Les militaires ont-ils été pris pour des militants d'extrême-droite ? C'est ce que va devoir tenter de déterminer l'enquête, ouverte après l'agression, samedi après-midi, de deux militaires en civil par une vingtaine de personnes en marge de la manifestation à Paris pour la levée de l'état d'urgence. Les faits se sont produits rue Richelieu, dans le Ier arrondissement de la capitale.

Les agresseurs, vêtus de noir, masqués et encagoulés, ont réussi à prendre la fuite et sont activement recherchés. L'un des deux militaires a été blessé à l'arcade sourcilière et soigné sur place par les pompiers. Le téléphone de l'un des deux militaires, mobilisés à Paris dans le cadre du plan Vigipirate, a également été dérobé. Les agresseurs ont réussi à prendre la fuite.

Le FN dénonce un "terrorisme d'extrême gauche"

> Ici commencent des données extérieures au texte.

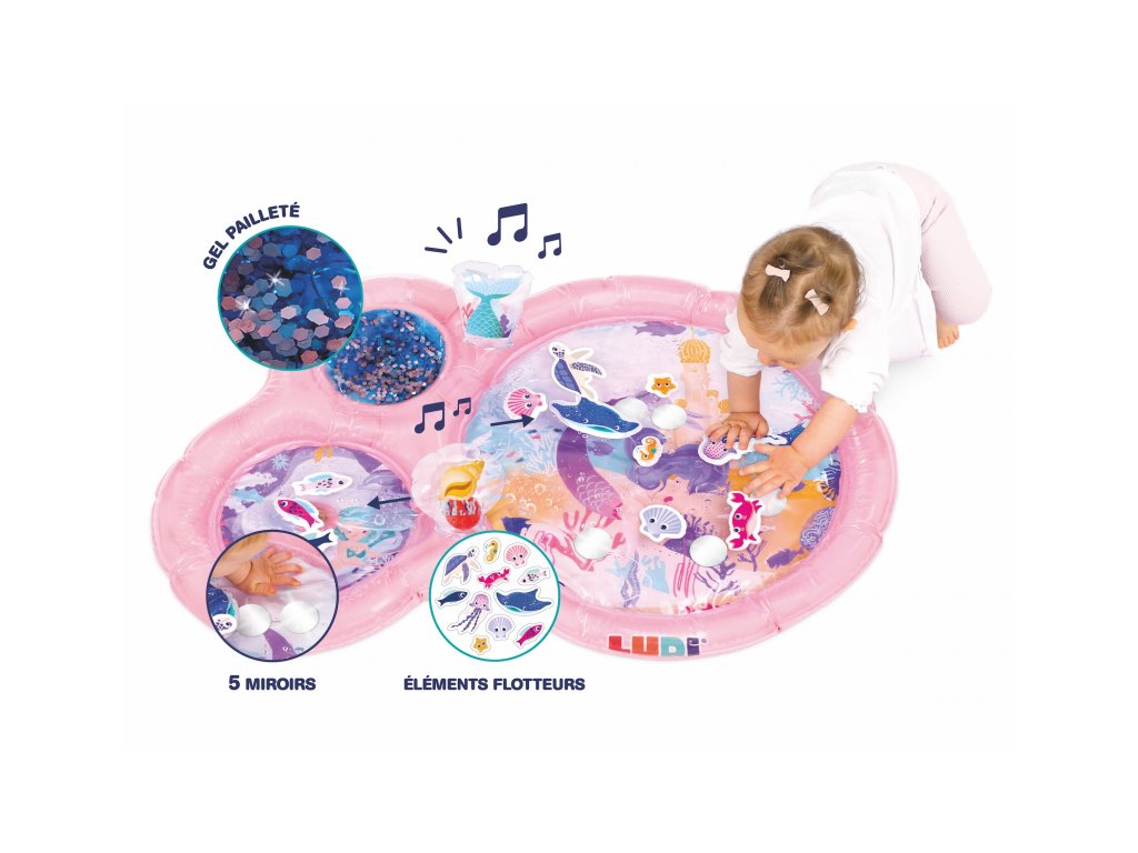 Interaktívna podložka na hranie naplnená vodou pripomína skutočný podmorský svet s vodnými živočíchmi. Figúrky morských tvorov sa vo vnútri vo vode začnú pohybovať, kedykoľvek dieťa na podložku siahne rukou. Jednotlivé časti podložky sú prepojené, takže keď sa dieťa o podložku oprie, voda prúdi medzi jednotlivými časťami. Na nafukovacích okrajoch sú umiestnené dve nafukovacie madlá, ktoré pri stlačení pískajú a cinkajú.

Dans un communiqué, Wallerand de Saint Just (Front national) a dénoncé cette agression, y voyant un acte de "terrorisme de l'extrême gauche la plus débile et la plus violente". "Les agresseurs étaient vêtus de noir, masqués et cagoulés. Ainsi donc, en plein 'état d’urgence', les autorités et spécialement le préfet de police laissent de nombreux manifestants déambuler dans Paris, vêtus de noir et cagoulés comme des terroristes. Ces autorités viennent ainsi de démontrer leur incapacité à maintenir un ordre public minimum", a-t-il accusé en se demandant "comment on peut laisser ces véritables canailles rôder librement".

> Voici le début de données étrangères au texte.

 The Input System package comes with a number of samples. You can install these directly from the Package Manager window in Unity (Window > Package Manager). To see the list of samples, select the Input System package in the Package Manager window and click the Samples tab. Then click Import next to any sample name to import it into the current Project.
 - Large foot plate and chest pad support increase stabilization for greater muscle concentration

Entre 5500, selon la préfecture de police, et 20.000 manifestants, selon les organisateurs, ont manifesté samedi à Paris pour dénoncer l'état d'urgence et le projet de déchéance de nationalité. Défilant sous la pluie entre la place de la République et le Palais-Royal, les manifestants ont répondu à l'appel des collectifs "Nous ne céderons pas" et "Stop état d'urgence", qui regroupent notamment des syndicats (CGT, FSU, Syndicat de la magistrature), des associations (Attac, Droit au logement, Droits devant, MRAP) et des organisations de défense des droits de l'homme (FIDH).